I have a sparse, real, symmetric matrix which I'm trying decompose into its e.v. The odd thing is: if I calculate the top 20 eigen-vectors using eigs, I get different results than if I calculate the top 50 and then pick out the top 20.
opts.v0 = rand(size(K,1),1);
opts.p = 100;
n_ev = 20;
[V,D] = eigs(K, n_ev,'lm',opts);
Display(V,79,95,size(V,1)/(79*95),20)
n_ev = 50;
[V,D] = eigs(K, n_ev,'lm',opts);
Display(V,79,95,size(V,1)/(79*95),20)
n_ev = 70;
[V,D] = eigs(K, n_ev,'lm',opts);
Display(V,79,95,size(V,1)/(79*95),20)
Can this be explained by the fact that eigen-vectors are not unique? Any other insights would be highly appreciated.
Thanks
According to John in a mathworks post
This is because eigs uses a random start
Since eigs is a ARPACK library it could be time consuming to read through its documentation. However we can assume that 1) it does not try to solve the inverse matrix and 2) random number is involved so output has random error.
An experiment is done:
clear;clc;close all
K = randn(100);
N = 20;
DD = zeros(N,10);
for ii = 1:10
[V,D] = eigs(K, N,'lm');
DS = diag(D);
[~,DI] = sort(abs(DS),'descend');
DS = DS(DI);
DD(:,ii) = DS;
end
DN1 = abs(DD);
N = 50;
DD = zeros(N,10);
for ii = 1:10
[V,D] = eigs(K, N,'lm');
DS = diag(D);
[~,DI] = sort(abs(DS),'descend');
DS = DS(DI);
DD(:,ii) = DS;
end
DN2 = abs(DD);
DN2 = DN2(1:20,:);
N = 20;
DD = zeros(N,10);
for ii = 1:10
[V,D] = eigs(K, N,'lm');
DS = diag(D);
[~,DI] = sort(abs(DS),'descend');
DS = DS(DI);
DD(:,ii) = DS;
end
DN3 = abs(DD);
which follows your procedure: first top 20, then top 50, and then top 20. In each step, same procedure is repeated 10 times.
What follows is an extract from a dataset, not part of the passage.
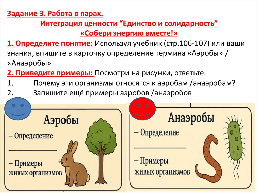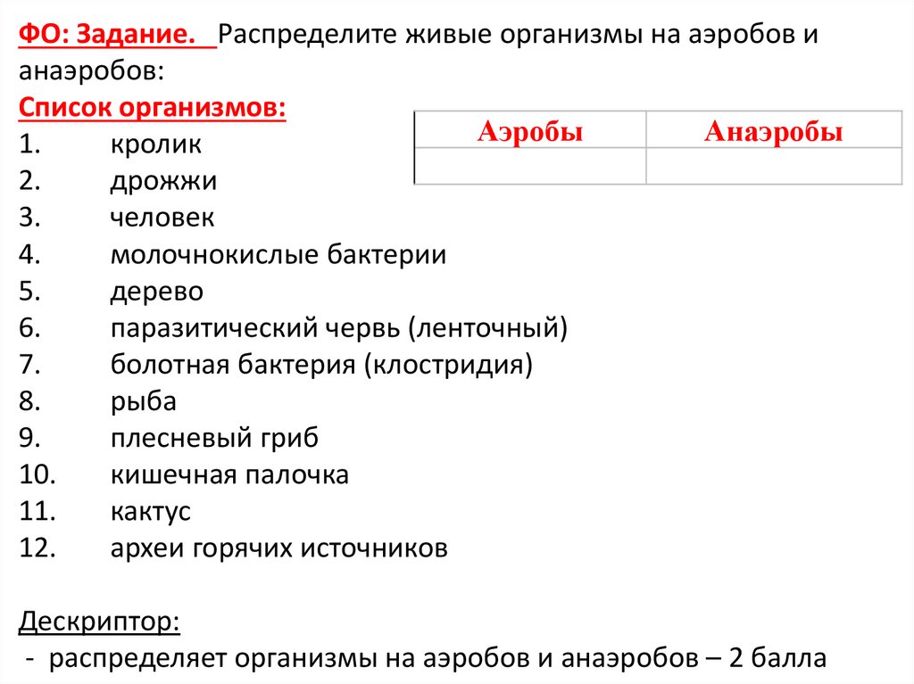 ФО: Задание. Распределите живые организмы на аэробов ианаэробов:

I have saved the top 20 of each step and did a quick comparison:
Err = (sum((DN1-DN2).^2+(DN2-DN3).^2+(DN1-DN3).^2,1)).^.5;
>> Err
Err =
Columns 1 through 6
0.0000 0.0000 0.0000 0.0870 0.0000 0.0000
Columns 7 through 10
0.0000 0.0000 0.0870 0.0870
>> min(Err),max(Err)
ans =
3.1665e-13
ans =
0.0870
>>
For most of the times the error is comparable to eps(1) but a few error is big. This suggests that in order to generate a reliable result, repeated calculation and averaging may be required.
However if your question is merely they are out of order (I think I got your point now), you could sort the vector with respect to the magnitudes after the evaluation. My experiment should be able to prove that after the sort the top 20 are always the same.
Edit: As @TroyHaskin has pointed out in comments you have defined opts (and I blatantly removed it) to define the random seeds. Let's add those lines and see what happens with the error:
Err =
Columns 1 through 6
0.0016 0.0016 0.0016 0.0016 0.0016 0.0016
Columns 7 through 10
0.0016 0.0016 0.0016 0.0016
Possible (guessed) explanation: as the number of interested e.v. increases the error grows since "some" tolerance is loosened to guarantee the speed performance.